A quick question then: what do you call a couple who rely on natural methods of contraception? That’s right: parents. If Harrington really wants a rewilding of women’s fertility, we should be prepared for the inevitable result. Six kids? 10? In the pre-industrial world, a woman would be pregnant about six or seven times in her life, and often more—if she survived the birthing process. But of course, you could count on a few kids not surviving either, so sometimes things evened out. But I don’t think many of us would truly welcome six kids, or have the space for them, or make the money necessary to feed and raise them all. The pill may not be a perfect solution to managing the unwieldy nature of a woman’s body, but I doubt that having 10 children is either.
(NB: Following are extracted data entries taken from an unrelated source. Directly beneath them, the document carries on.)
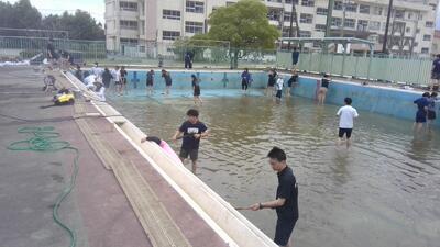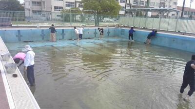 放課後、職員が続々と集まり、プールの底や壁についた汚れをブラシやたわしで磨いていきます。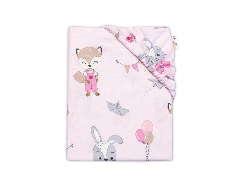 Baby Nellys 6-ti dílná výhod. sada s dárkem pro miminko, 120x90 Liška a zajíc, růžová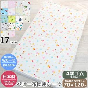 ガーゼシーツ Wガーゼシーツ 柄入り プリント 70×120cm用 4隅ゴム取り付け ガーゼシーツ 綿100% 敏感肌 汗取り効果 ベビー用 レギュラーサイズ フジキ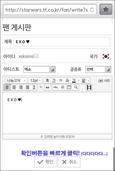 아직도 도배 방법을 몰라 글을 하나씩 올리는 팬이 보여 안타깝더라구요^^;;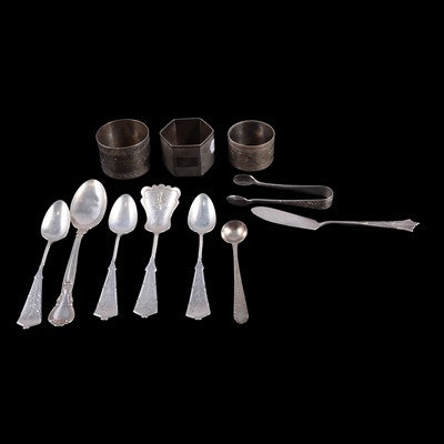 Georgian and later silver teaspoons, sugar nips, caddy spoon, and small white metal wares.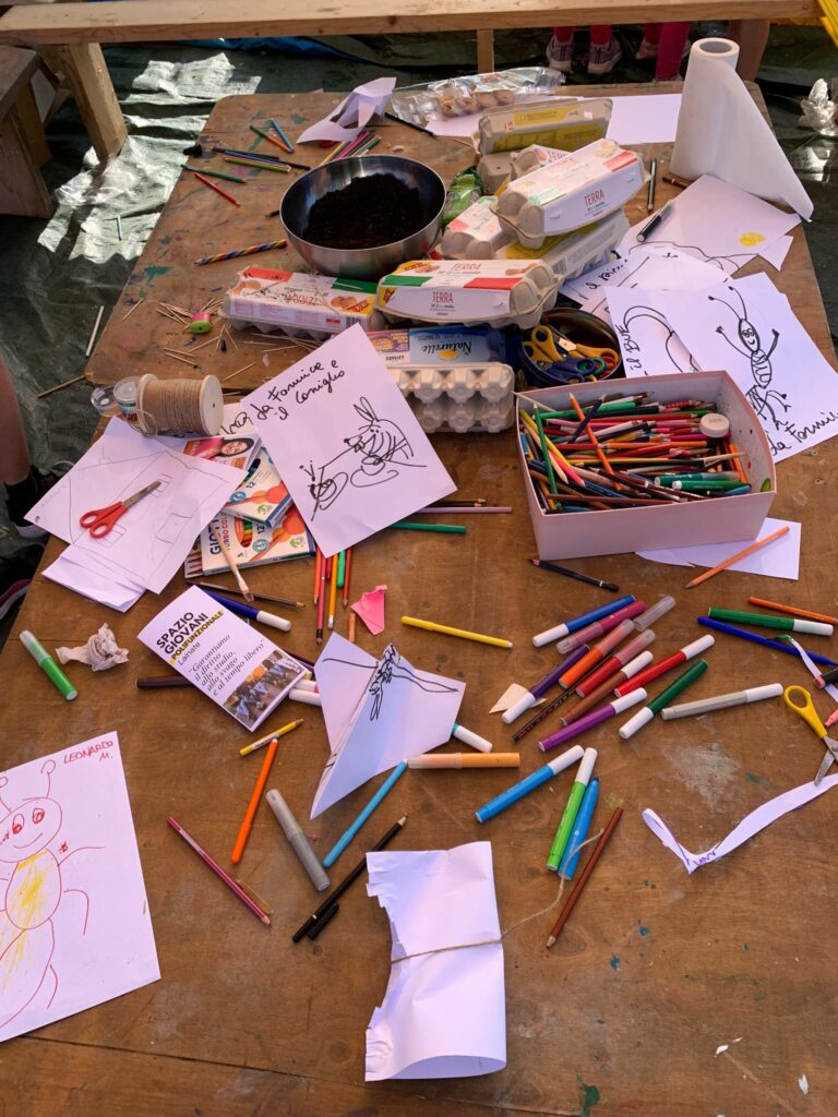 Nel pomeriggio, complice un sole quasi estivo, si sono alternate letture animate, giochi con la terra e materiale di riciclo, piccoli laboratori con strumenti musicali, colori, gessetti e molto altro per stare insieme, animare e dare una ventata di primavera ad un luogo che ormai è in evidente stato d’abbandono e in mano allo spaccio.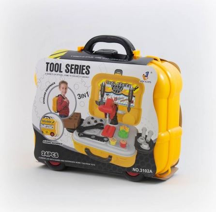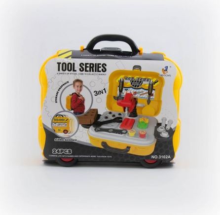 - Set sadrži: kofer/ranac/vozilo sa 24 dela alata: čekić, klešta, testera, presa, zavrtnji...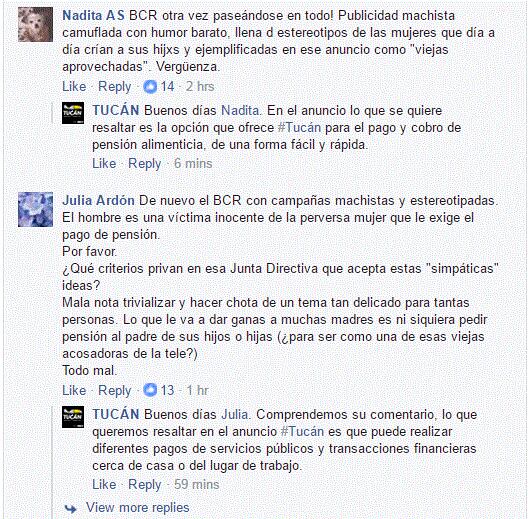 Mediante un comunicado, la administración del Banco reaccionó de la siguiente manera: "El Banco de Costa Rica manifiesta que bajo ninguna circunstancia pretende ofender a los hombres y mujeres que pagan o se benefician de las pensiones alimenticias. Todo lo contrario, se convierte en una alternativa accesible de servicios financieros, abrir cuentas, hacer pagos siempre y donde sea".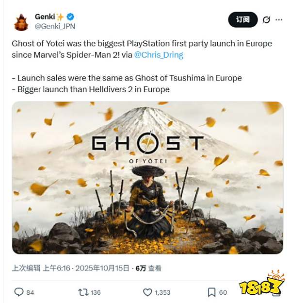 根據GSD截至10月5日的歐洲銷量統計數據,《羊蹄山之魂》在發售首周末表現強勁,成為自2023年《漫威蜘蛛俠2》以來索尼第一方游戲中銷量最佳的作品,其歐洲地區銷量與前作《對馬島之鬼》相當。
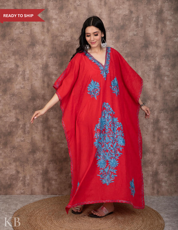 With an exquisite embroidery and detailing, handpicked is an airy light kaftan to keep its wearer comfy and stylish in the scorching hot summers. The Kaftan is blended in a pallette of light and bright tones as a large floral sprout, worked in the grace of Aari embroidery, sits proudly in the centre of its bright base. With the crushed cotton adding a perfect casual touch to it, the kaftan makes for a truely timeless and ethereal aestheticAbout AariAari Kari is a fascinating hook art done in silk and cotton threads. The embellishment follows an elaborate process starting with the Naqash who traces nature inspired motifs over plain pieces of cloth. The imprinted fabric is then passed onto a Kaarigar (artisan) who uses a specialized hook called Aari, to embroider it. Typically done on suits, shawls and bags, Aari kaem works its colorful charm on a plain drape and inspires in it a lively ethnic appeal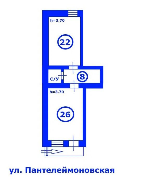 2 помещения 26 кв. м. +22, проходная комната, кладовка, санузел.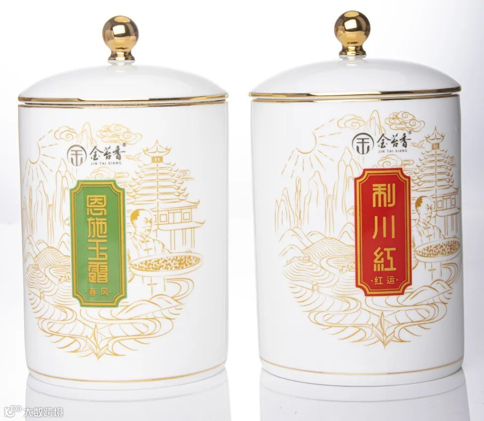 红罐盛特级头采金苔红,不染尘埃;白罐盛特级头采恩施玉露,温润静谧。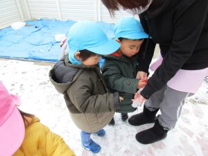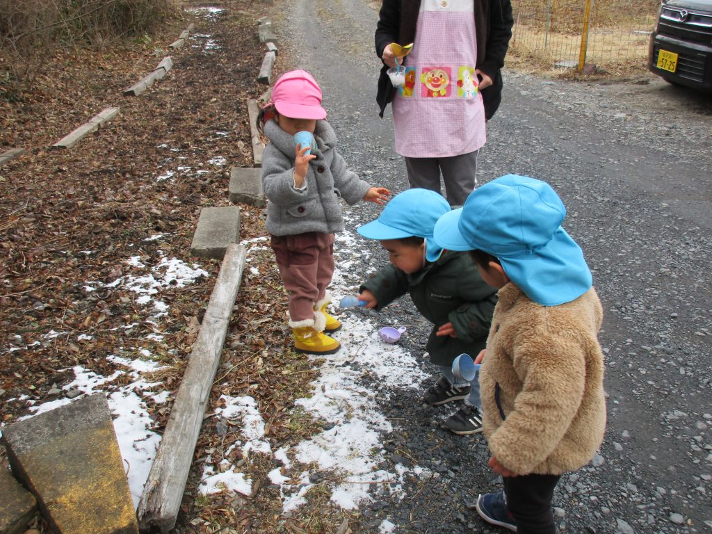 少しだけ残っていた雪を集めたりして楽しんでいました(*^▽^*)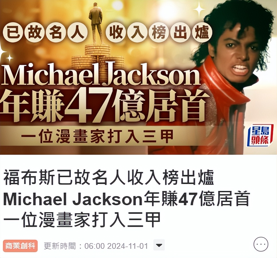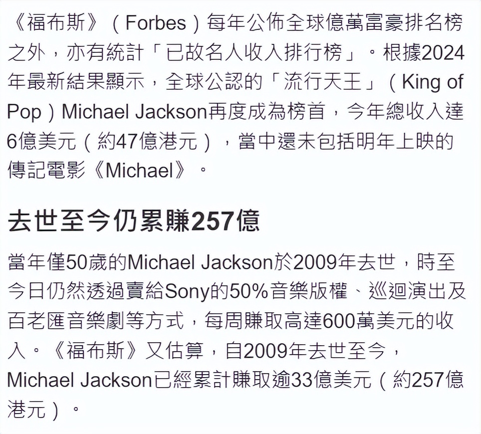 而且这一数字正在上涨,因为MJ的纪录片《Michael》将在明年4月上映,该片由MJ的侄子Jaafar Jackson担任主角,MJ所关联的版权公司将从中抽取税金。

It is in the realm of a committed relationship where the best sex happens. And the reasons I am against the pill in teens is the reason I am for it in adults. What we should aim for isn’t free sex but good sex. High-quality fucking. When Harrington comes out against Big Romance, she comes out against the very thing that we should all aspire to and long for, even if it remains elusive. It enriches us when we’re in love and makes us want to give ourselves to our lovers with abandon; it makes us want to be better people so that we might please our beloved more. Harrington quotes Horace saying, “You may drive Nature out with a pitchfork, but she keeps coming back.” But when she writes that marriages should be practical, that they should do the work of building a stable family, and that they should forfeit the idea of Big Romance, she loses me. I’m not about to dismiss the benefits of a stable marriage and a solid family, but to be human means that we long for passion, for erotic energy, for something bigger. Our erotic drive propelled us out of the primordial ooze in the first place, and this desire—the desire to desire and to be desired—drives us still. And it is good.

Harrington seems to want us all to put on our sensible shoes and do away with the glittering allure of the fairytale’s glass slipper. She wants to make sex a matter of public concern, and she wants us to acknowledge that men and women aren’t interchangeable androgyns and that they have different needs which should be addressed. But to do this we cannot exchange the cyborg for the Vulcan, operating as though a rational concern for family legacy is the highest good. We are creatures of too much lust for that—too much passion, too much tragedy, too much ecstasy. In receiving the riches of this life, we are beholden to the god of bad choices as much as to the god of the good ones. Harrington might want to remember that being against progress doesn’t mean being for regress. It might mean doing away with the dialectic of progress and being against it in the first place. To be viable, feminism may simply have to contain contradictory multitudes. And what could be more exuberantly feminine than that?